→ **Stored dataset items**
::::::::
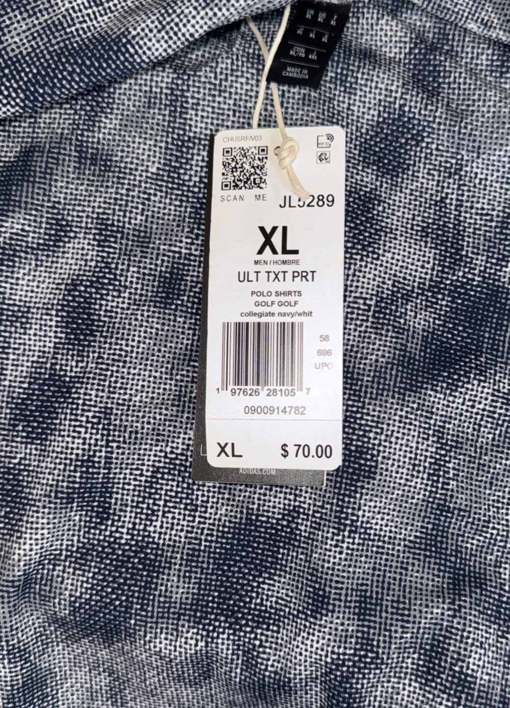 70 Adidas Men's Ultimate365 Textured Print Polo Shirt - Navy/White-XLarge- New
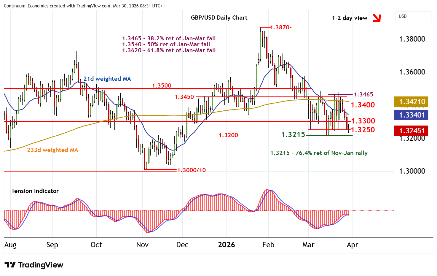 Chart GBP/USD Update: Approaching support at the 1.3215 Fibonacci retracement
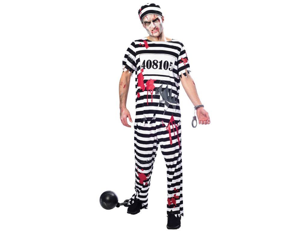 Pánský kostým Zombie trestanec v černo-bílé barvě, materiál polyester, velikost L (52). Balení obsahuje triko, kalhoty a čepici (koule a pouta nejsou součástí balení).
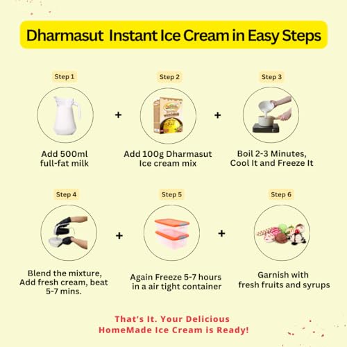 • Direction for Making Delicious Ice Cream at Home Set the freezer temperature at a high 1/2 hour before preparing the mixture of Ice-cream. Add "Dharmasut Ice cream mix Powder" to 1/2 liter full-fat milk. Keep to boil and stir for 2-3 minutes till the mixt
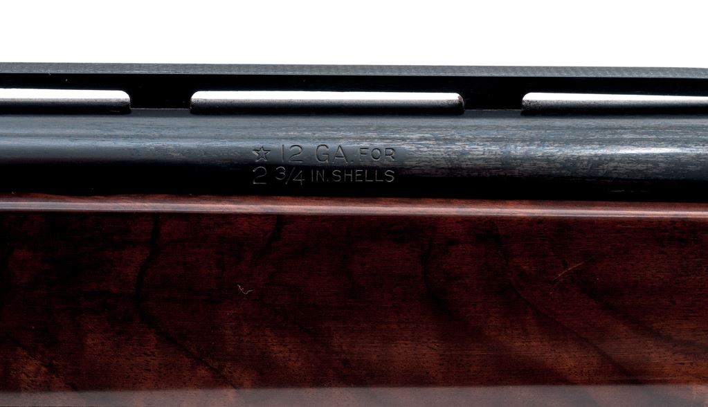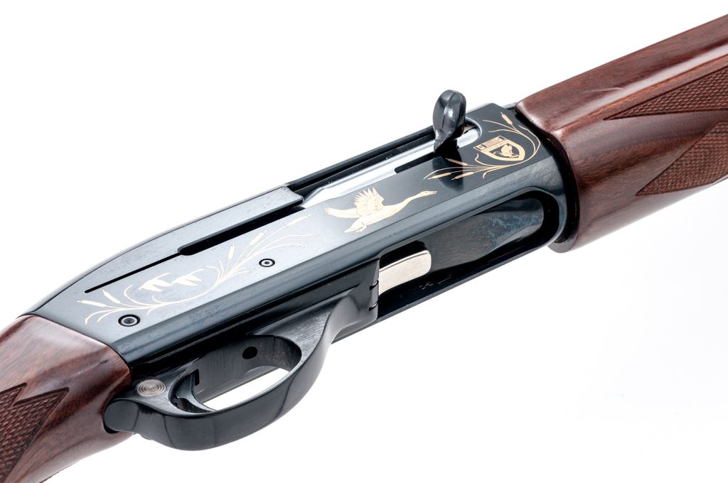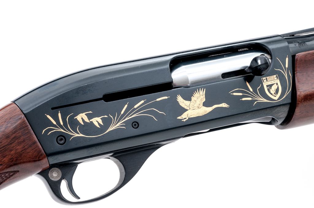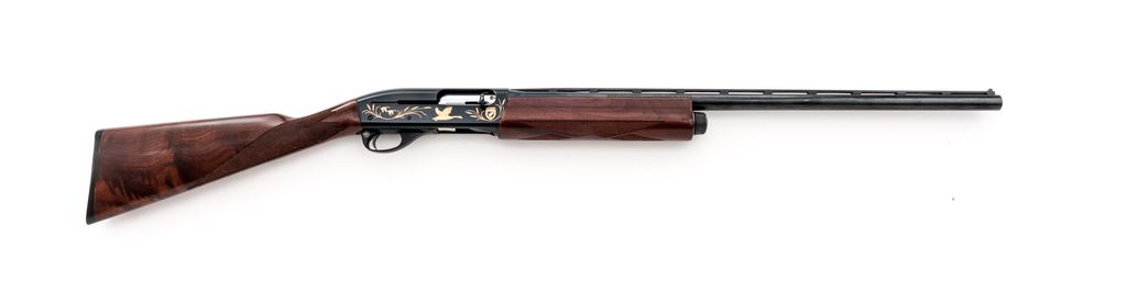 Remington 1100 Upland Special 1985 Ducks Unlimited Model Semi-Automatic Shotgun, #DU851262. 12 ga. 25.5'' vent rib barrel has a 2-3/4'' chamber, target beads, and is fitted for Briley screw-in choke tubes (one IM included). Action is classic 1100, but receiver has gold ducks in flight and DU logos. The full forend and straight grip buttstock are of ''B'' Grade walnut, satin finished, with 14-1/4'' length of pull. Mfg'd 1985. Condition is very good showing little use and a few handling marks on the wood. A handsome and functional Upland bird gun. Est.: $450-$600. (Modern)
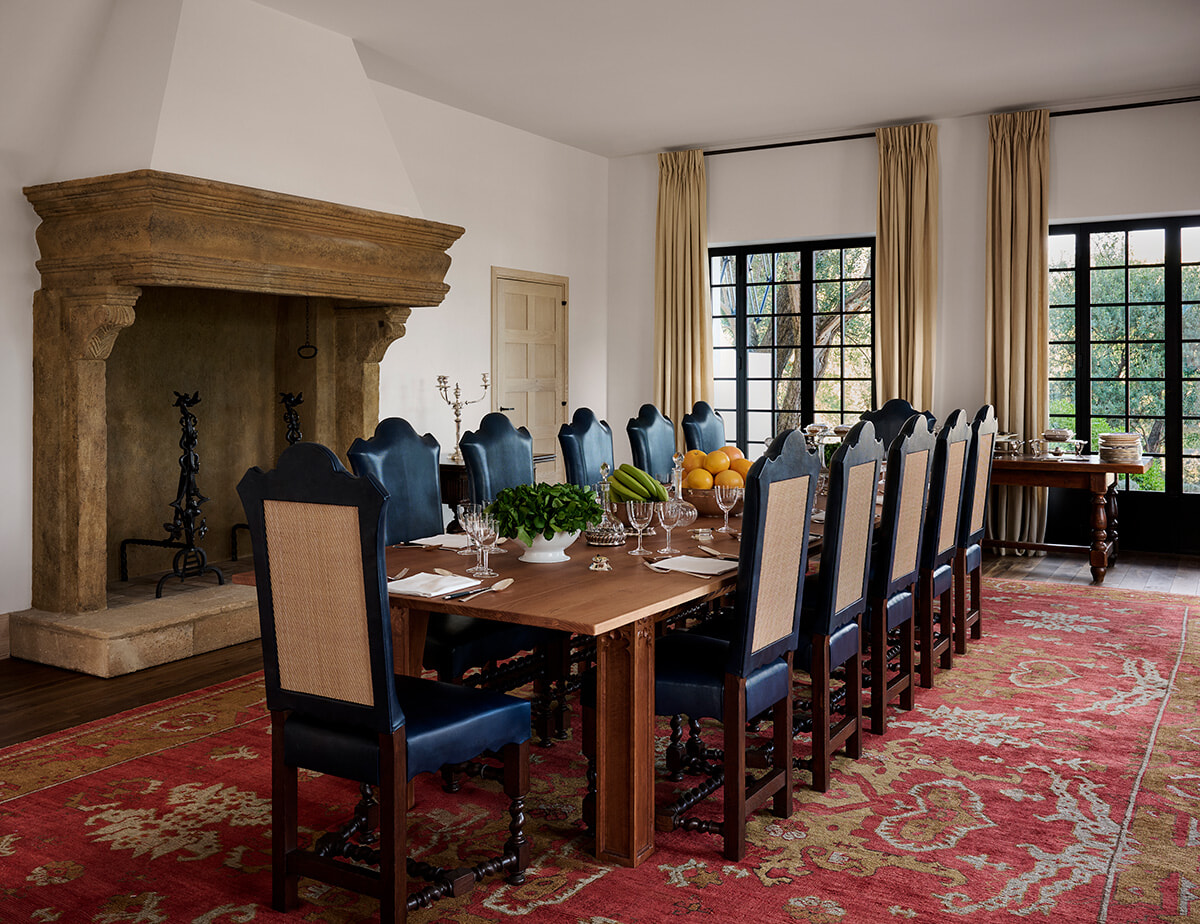 ダイニングは中庭の横に位置。暖炉やラグで温もり溢れる空間。Obligatory terms: © CHANEL Photographer: Jason Schmidt
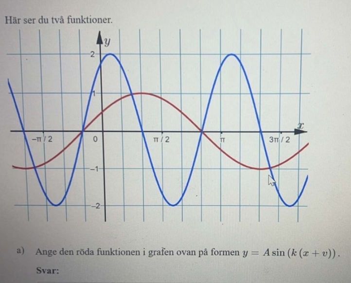 Periodiciteten för röda kurvan ser ut att vara 2 π.  Alltså bör k = 1.
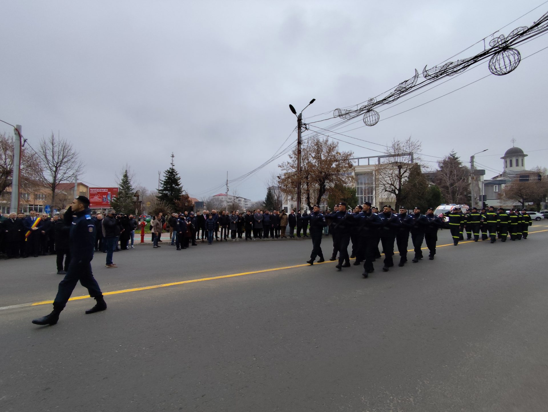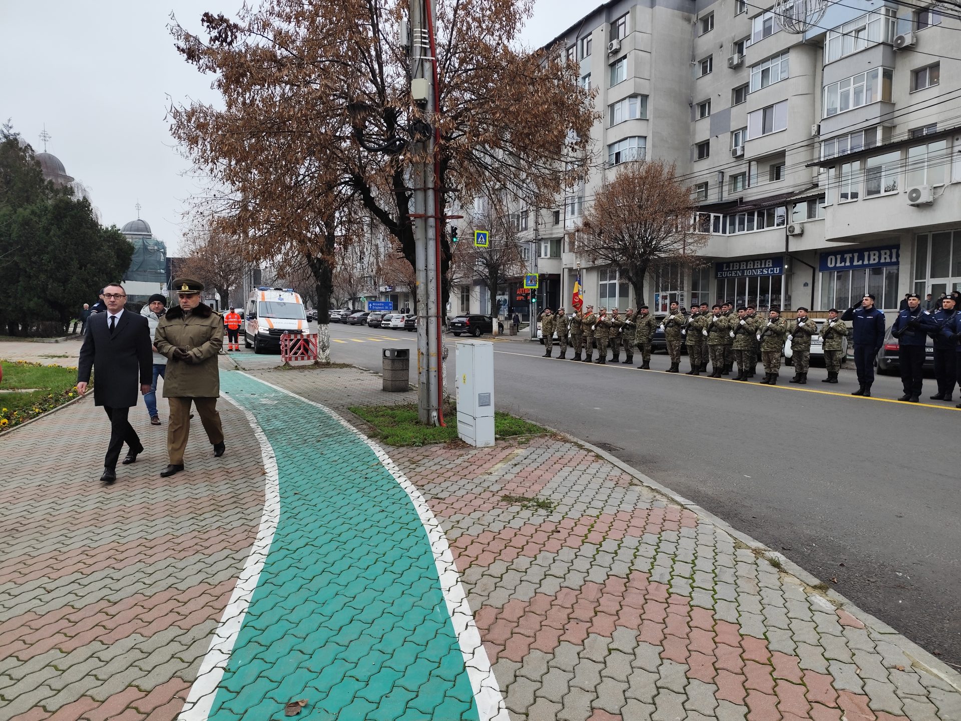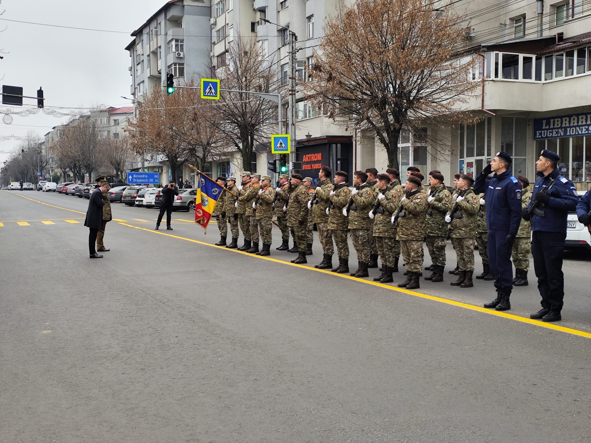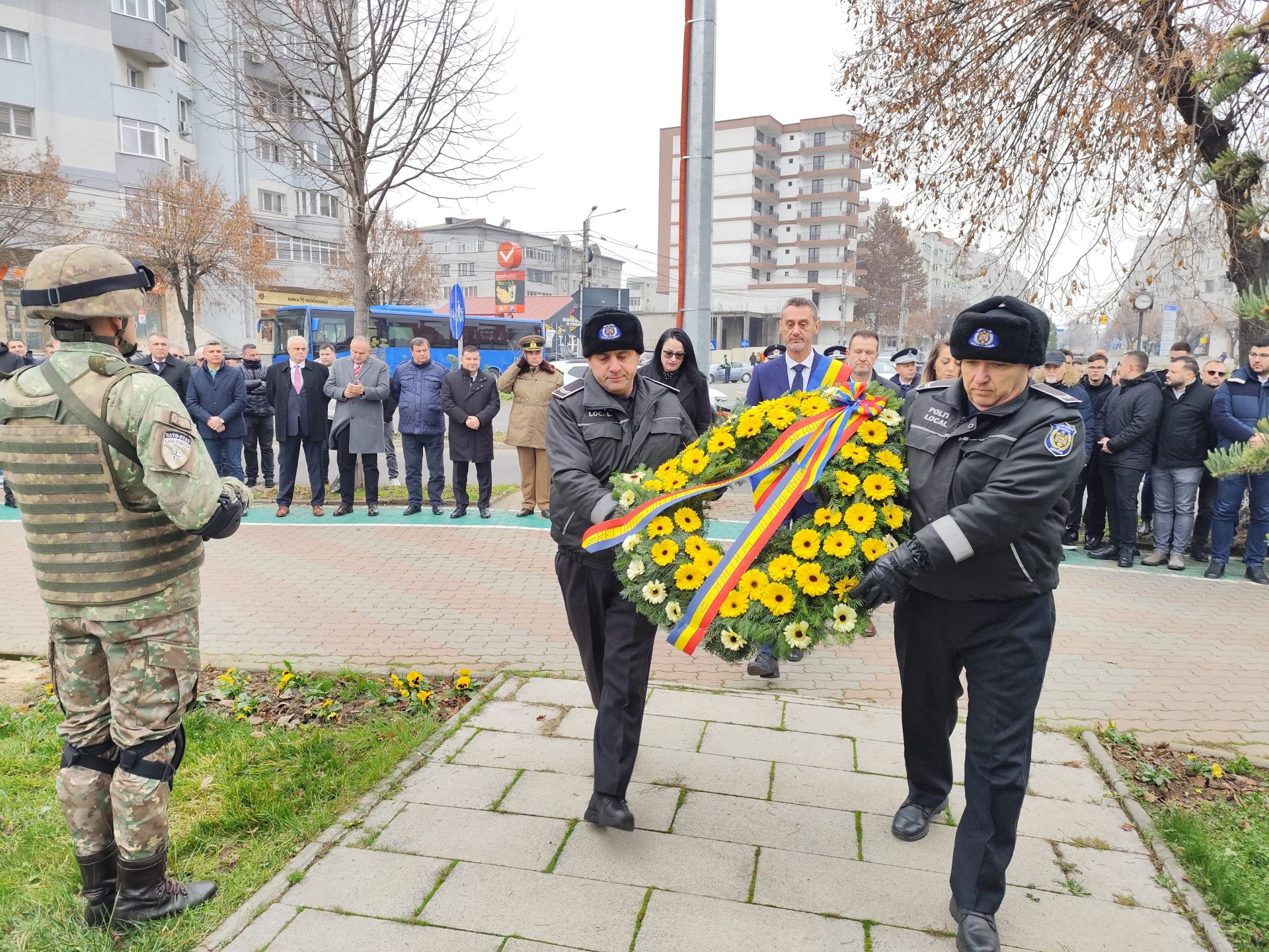 Pe imnul Eroilor, manifestarea a continuat apoi cu depunerea de coroane de flori la troiță, pentru a-i omagia pe martirii din revoluţiei din Decembrie ’89, dar și cu defilarea gărzii de onoare alcătuită din militari ai Batalionului 22 Infanterie „Romanați” din municipiul Caracal, efective ale Jandarmeriei Olt și pompieri din cadrul Inspectoratului pentru Situații de Urgență Olt.
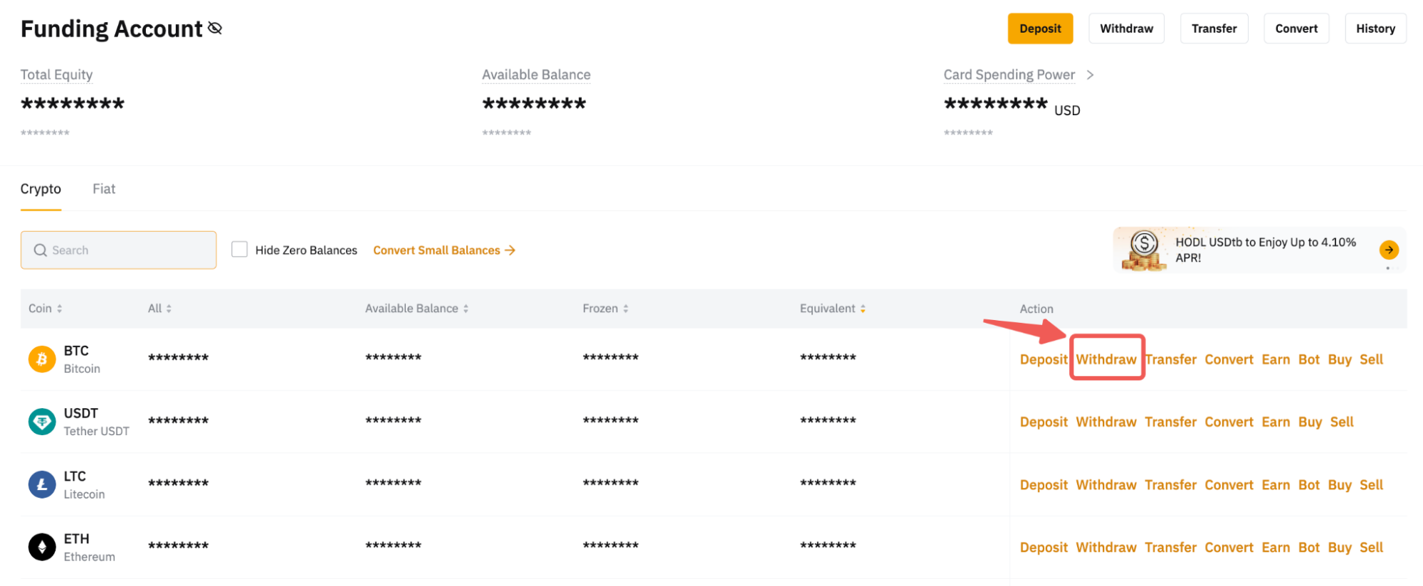 Alternatively, you can also click on Assets at the top right-hand corner of the home page and go to your Funding Account. Then, click on Withdraw in the column of the coin for which you wish to add the wallet address.
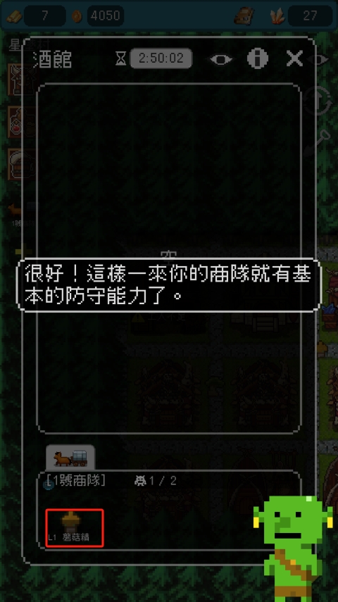 4、有了贵重物品后,为了防止外来入侵者来抢劫,你需要去酒馆招一些小怪来守护你的商会,雇佣一个蘑菇精就好啦。
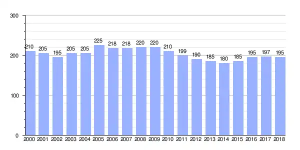 | Gráfica de evolución demográfica de Lema entre 2000 y 2018 |
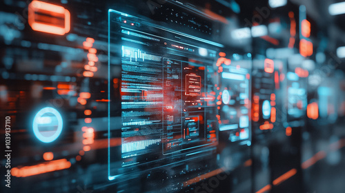 A computer screen with a lot of red and blue lights
::::::::
→ **WHAT THE TASK REQUIRES**
Reproduce the records, all of them, word for word; omit the pictures.

→ **PROBLEM SOLUTION**
 70 Adidas Men's Ultimate365 Textured Print Polo Shirt - Navy/White-XLarge- New
 Chart GBP/USD Update: Approaching support at the 1.3215 Fibonacci retracement
 Pánský kostým Zombie trestanec v černo-bílé barvě, materiál polyester, velikost L (52). Balení obsahuje triko, kalhoty a čepici (koule a pouta nejsou součástí balení).
 • Direction for Making Delicious Ice Cream at Home Set the freezer temperature at a high 1/2 hour before preparing the mixture of Ice-cream. Add "Dharmasut Ice cream mix Powder" to 1/2 liter full-fat milk. Keep to boil and stir for 2-3 minutes till the mixt
 Remington 1100 Upland Special 1985 Ducks Unlimited Model Semi-Automatic Shotgun, #DU851262. 12 ga. 25.5'' vent rib barrel has a 2-3/4'' chamber, target beads, and is fitted for Briley screw-in choke tubes (one IM included). Action is classic 1100, but receiver has gold ducks in flight and DU logos. The full forend and straight grip buttstock are of ''B'' Grade walnut, satin finished, with 14-1/4'' length of pull. Mfg'd 1985. Condition is very good showing little use and a few handling marks on the wood. A handsome and functional Upland bird gun. Est.: $450-$600. (Modern)
 ダイニングは中庭の横に位置。暖炉やラグで温もり溢れる空間。Obligatory terms: © CHANEL Photographer: Jason Schmidt
 Periodiciteten för röda kurvan ser ut att vara 2 π.  Alltså bör k = 1.
 Pe imnul Eroilor, manifestarea a continuat apoi cu depunerea de coroane de flori la troiță, pentru a-i omagia pe martirii din revoluţiei din Decembrie ’89, dar și cu defilarea gărzii de onoare alcătuită din militari ai Batalionului 22 Infanterie „Romanați” din municipiul Caracal, efective ale Jandarmeriei Olt și pompieri din cadrul Inspectoratului pentru Situații de Urgență Olt.
 Alternatively, you can also click on Assets at the top right-hand corner of the home page and go to your Funding Account. Then, click on Withdraw in the column of the coin for which you wish to add the wallet address.
 4、有了贵重物品后,为了防止外来入侵者来抢劫,你需要去酒馆招一些小怪来守护你的商会,雇佣一个蘑菇精就好啦。
 | Gráfica de evolución demográfica de Lema entre 2000 y 2018 |
 A computer screen with a lot of red and blue lights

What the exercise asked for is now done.